Christian Christmann <plfriko@yahoo.de> wrote:


> I don't understand why the compiler
> 1) is not spliting basic block .L2 into two blocks where
> the second block just contains the instruction "j .L3".
> I though that each re-direction of the control flow imposes the
> creation of a new basic block (like .L4 and .L3).
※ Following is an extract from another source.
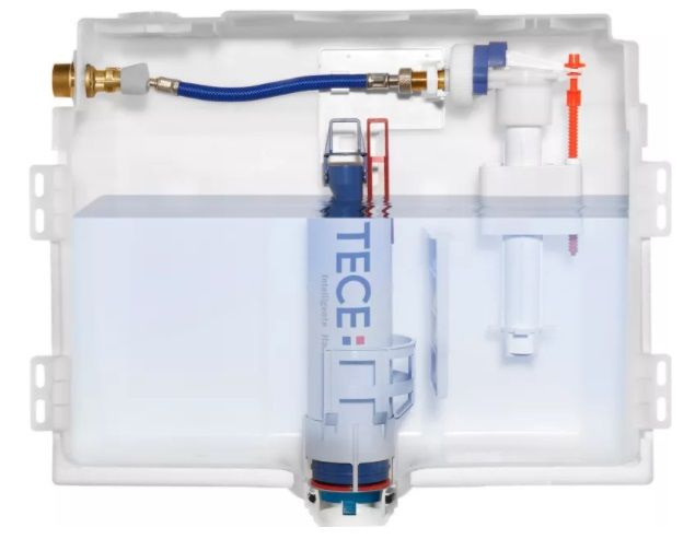 Сливной бачок Uni для установки в каркасе. Комплект поставки: • Предохранительный бак из ударопрочного пластика • Сливной бачок полностью собран и опломбирован • Угловой кран и соединение сливного бачка в сборе; соединение сливного бачка с внутренней резьбой 1/2" • Объем бачка 10 литров; стандартный предустановленный объем смыва 6 литров, возможность настройки объема смыва 4,5/7,5/9 литров; малый смыв 3 литра с системой двойного смыва. Оставшийся объем можно использовать для быстрого смыва • Изоляция для предотвращения образования конденсата • Для панелей и рукояток смыва унитаза TECE • Возможность установки системы с одинарным или двойным смывом в зависимости от используемой панели смыва • Проверено в соответствии с DIN EN 14055 • Акустическая группа 1 в соответствии с DIN 4109 - протокол испытаний P-IX3837/l • Бесшумный гидравлический заливной клапан • Включает монтажную панель и крепежные элементы • Сливной патрубок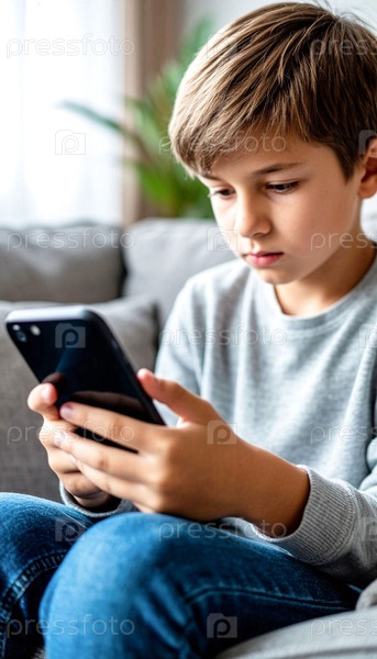 Ребенок со смартфоном сидит на диване дома

The instuction
> "jlt %d15, %d0, .L5" can possibly direct the program flow to .L5 and
> thus, in my opinion, the basic block should end here.
> 2) splits block .L5 and .L4? There are no
> calls to label .L4, so, according to my understanding, all instructions
> of blocks .L5 and .L4 should be held in one block.
>
> Might these two points be bugs or do the authors of the tricore-gcc
> have a different definition of basic blocks?


It would have been helpful to see the C code in comparison, but I can
guess what it looks like.


Short answer: there are no 'basic blocks' in assembly as such, only
Zuul^Wjump targets. If the compiler doesn't see a (possible) need to
jump to a certain location, why should it generate a label for that
location?


The .L2 'block' for example is the implementation of an if() itself,
including jump the 'then' part (jit ... .L5) and jump to the 'else' part
(j .L3), so having a label for the 'j .L3' doesn't make sense.


You are right that label .L4 is not targeted at all, and I can't explain
why - it might be just an artifact of GCC's code generation - but keep
in mind that with -O0 gcc does no optimization at all, as evidenced by
the 'j .L1' immediately followed by the .L1 label. Run gcc with -O1 or
above, and you should see improvements in the generated assembly.